An article regarding interracial dating and marriage recently appeared in the Washington Post. Of the 1,709 randomly selected adults, 315 identified themselves as Latinos, 323 identified themselves as blacks, 254 identified themselves as Asians, and 779 identified themselves as whites. In this survey, 86% of blacks said that they would welcome a white person into their families. Among Asians, 77% would welcome a white person into their families, 71% would welcome a Latino, and 66% would welcome a black person. Construct a 95% confidence interval for the percent of all black adults who would welcome a white person into their families:

Answer 1

The 95% confidence interval for the percent of all black adults who would welcome a white person into their families is (0.8222, 0.8978).

Explanation:

In a sample with a number n of people surveyed with a probability of a success of
`\pi`, and a confidence level of
`1-\alpha`, we have the following confidence interval of proportions.

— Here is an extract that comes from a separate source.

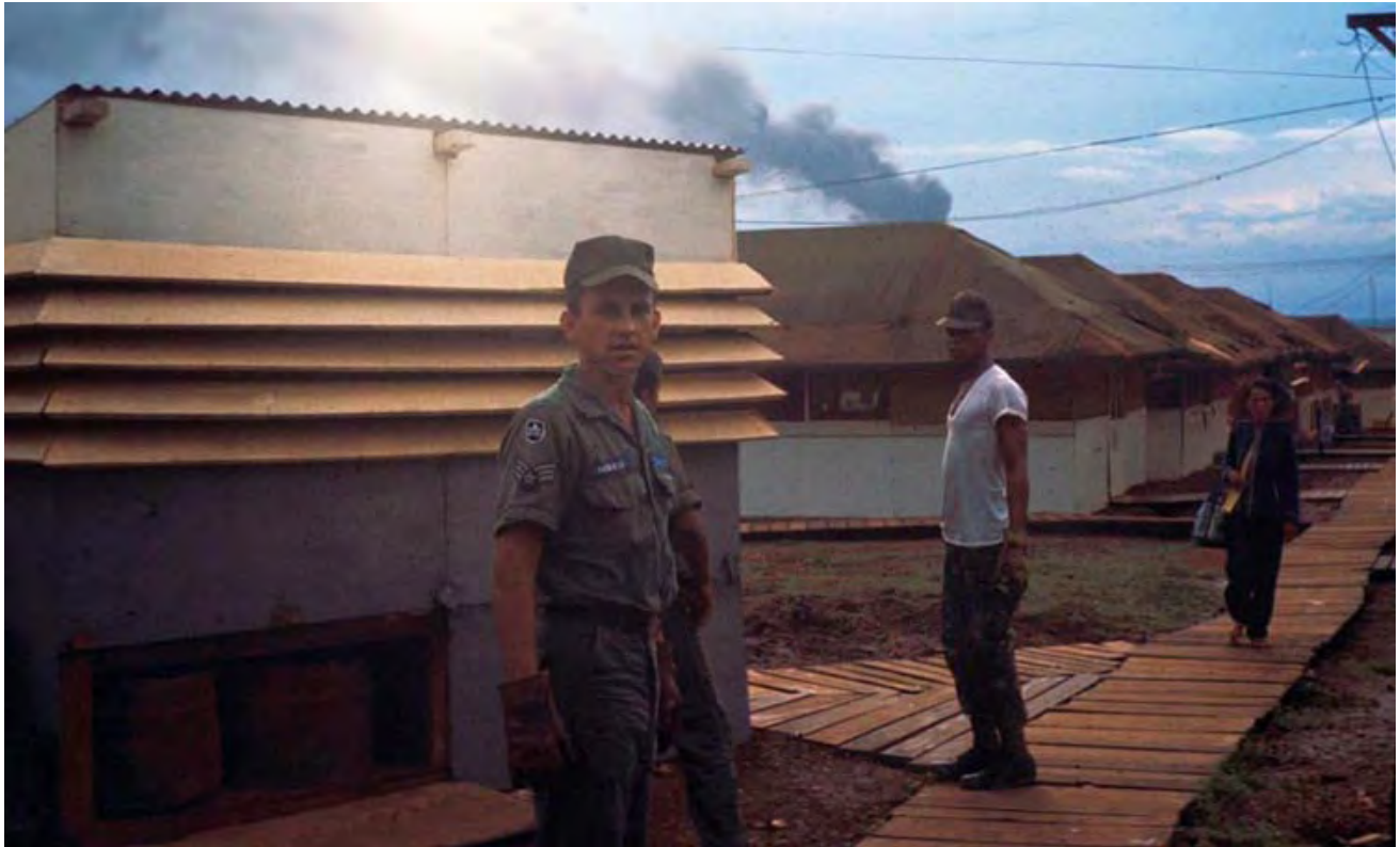
17. Happy in My Work! Where's the diesel?

`\pi \pm z\sqrt{(\pi(1-\pi))/(n)}`

In which

z is the zscore that has a pvalue of
`1 - (\alpha)/(2)`.

For this problem, we have that:

323 blacks, 86% of blacks said that they would welcome a white person into their families. This means that
`n = 323, p = 0.86`

95% confidence level

So
`\alpha = 0.05`, z is the value of Z that has a pvalue of
`1 - (0.05)/(2) = 0.975`, so
`Z = 1.96`.

The lower limit of this interval is:

`\pi - z\sqrt{(\pi(1-\pi))/(n)} = 0.86 - 1.96\sqrt{(0.86*0.14)/(323)} = 0.8222`

The upper limit of this interval is:

`\pi + z\sqrt{(\pi(1-\pi))/(n)} = 0.86 + 1.96\sqrt{(0.86*0.14)/(323)} = 0.8978`

The 95% confidence interval for the percent of all black adults who would welcome a white person into their families is (0.8222, 0.8978).